**TASK DESCRIPTION:** Copy the data below exactly, but not the pictures it contains.

**MATERIAL PROVIDED:**
+ + + + + + +
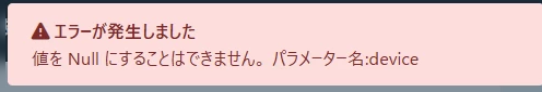 レシートプリンターのテスト印刷エラー「値をNullにすることはできません。パラメーター名: device」の対処方法
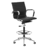 Executive high back chair made with black bonded leather comes with torsion knee tilt mechanism. Chrome spider base, chrome arms with leather cover.
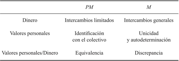 De manera resumida, se distinguen las siguientes combinaciones entre los valores personales y el dinero. La última columna caracteriza a la modernidad (M), mientras que la anterior al dinero y el hombre premodernos (PM):
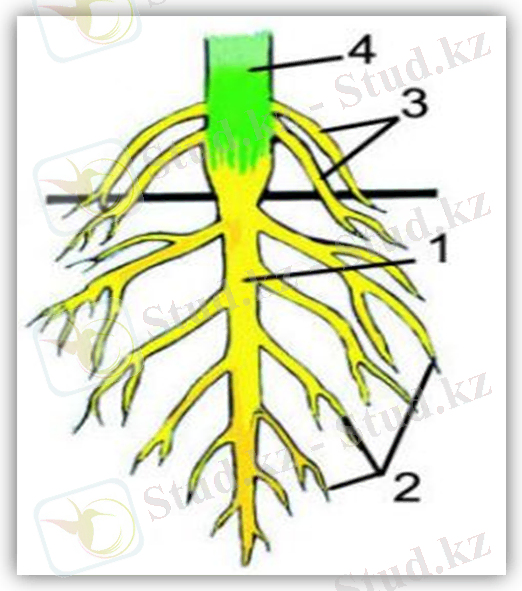 - Негізгі тамыр. 2. Жанама тамыр. 3. Қосалқы тамыр. 4. Сабақ.
+ + + + + + +
**OUTPUT FOR THIS EXERCISE:**
 レシートプリンターのテスト印刷エラー「値をNullにすることはできません。パラメーター名: device」の対処方法
 Executive high back chair made with black bonded leather comes with torsion knee tilt mechanism. Chrome spider base, chrome arms with leather cover.
 De manera resumida, se distinguen las siguientes combinaciones entre los valores personales y el dinero. La última columna caracteriza a la modernidad (M), mientras que la anterior al dinero y el hombre premodernos (PM):
 - Негізгі тамыр. 2. Жанама тамыр. 3. Қосалқы тамыр. 4. Сабақ.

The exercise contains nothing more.